**Exercise**
The material beneath this line should be printed exactly, with its pictures omitted.

====================

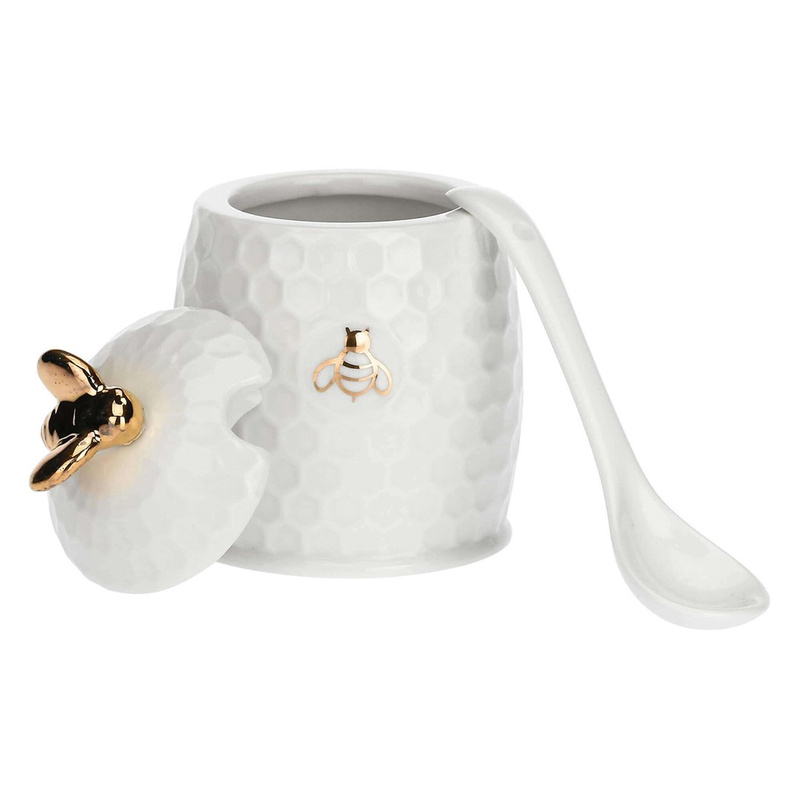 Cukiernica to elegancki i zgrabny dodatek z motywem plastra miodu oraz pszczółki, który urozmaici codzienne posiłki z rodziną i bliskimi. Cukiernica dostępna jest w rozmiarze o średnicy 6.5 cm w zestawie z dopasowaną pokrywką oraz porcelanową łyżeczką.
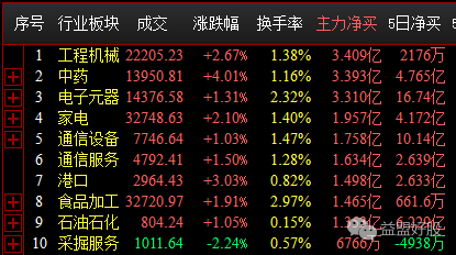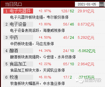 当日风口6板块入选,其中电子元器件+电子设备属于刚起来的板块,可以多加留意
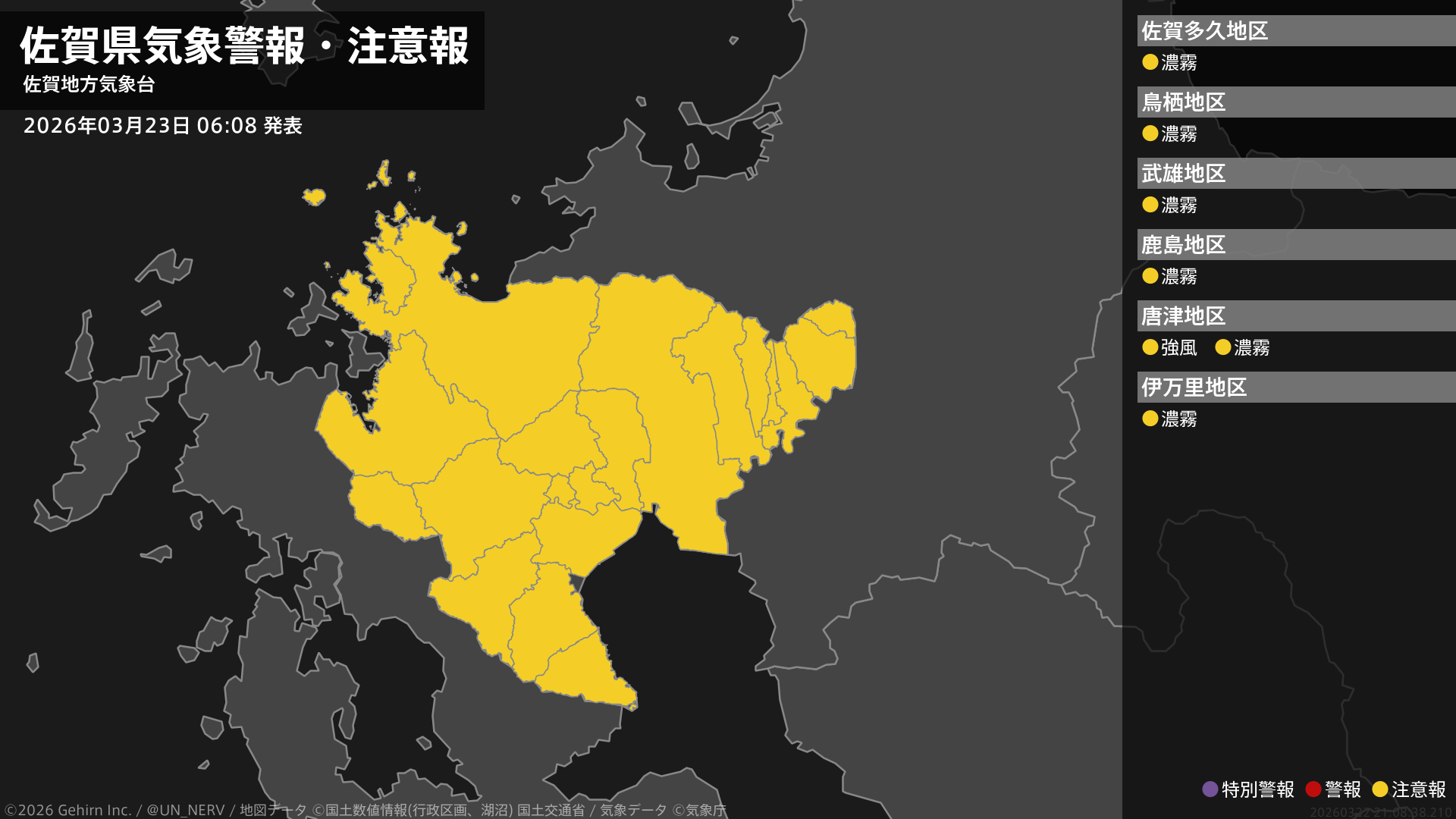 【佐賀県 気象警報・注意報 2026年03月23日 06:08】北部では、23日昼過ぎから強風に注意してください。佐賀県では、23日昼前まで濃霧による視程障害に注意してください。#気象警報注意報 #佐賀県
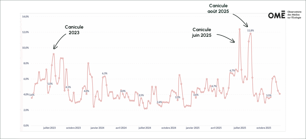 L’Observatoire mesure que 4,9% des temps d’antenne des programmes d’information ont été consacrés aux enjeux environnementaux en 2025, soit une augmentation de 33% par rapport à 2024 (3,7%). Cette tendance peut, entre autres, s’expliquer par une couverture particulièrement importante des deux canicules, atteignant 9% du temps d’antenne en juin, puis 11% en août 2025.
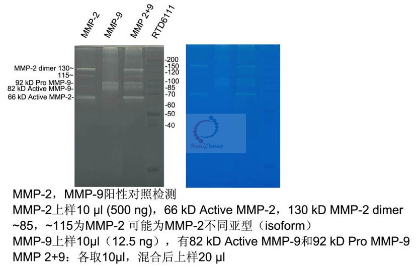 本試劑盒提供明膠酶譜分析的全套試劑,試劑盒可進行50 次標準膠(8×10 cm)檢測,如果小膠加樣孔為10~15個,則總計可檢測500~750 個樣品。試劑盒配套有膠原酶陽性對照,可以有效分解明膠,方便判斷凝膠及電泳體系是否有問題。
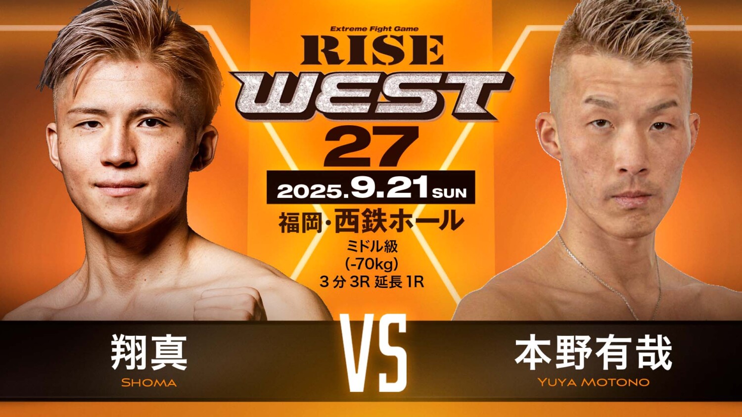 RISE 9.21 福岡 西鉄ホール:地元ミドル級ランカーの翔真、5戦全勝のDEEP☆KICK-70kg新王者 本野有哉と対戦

====================

**Completed exercise**
 Cukiernica to elegancki i zgrabny dodatek z motywem plastra miodu oraz pszczółki, który urozmaici codzienne posiłki z rodziną i bliskimi. Cukiernica dostępna jest w rozmiarze o średnicy 6.5 cm w zestawie z dopasowaną pokrywką oraz porcelanową łyżeczką.
 当日风口6板块入选,其中电子元器件+电子设备属于刚起来的板块,可以多加留意
 【佐賀県 気象警報・注意報 2026年03月23日 06:08】北部では、23日昼過ぎから強風に注意してください。佐賀県では、23日昼前まで濃霧による視程障害に注意してください。#気象警報注意報 #佐賀県
 L’Observatoire mesure que 4,9% des temps d’antenne des programmes d’information ont été consacrés aux enjeux environnementaux en 2025, soit une augmentation de 33% par rapport à 2024 (3,7%). Cette tendance peut, entre autres, s’expliquer par une couverture particulièrement importante des deux canicules, atteignant 9% du temps d’antenne en juin, puis 11% en août 2025.
 本試劑盒提供明膠酶譜分析的全套試劑,試劑盒可進行50 次標準膠(8×10 cm)檢測,如果小膠加樣孔為10~15個,則總計可檢測500~750 個樣品。試劑盒配套有膠原酶陽性對照,可以有效分解明膠,方便判斷凝膠及電泳體系是否有問題。
 RISE 9.21 福岡 西鉄ホール:地元ミドル級ランカーの翔真、5戦全勝のDEEP☆KICK-70kg新王者 本野有哉と対戦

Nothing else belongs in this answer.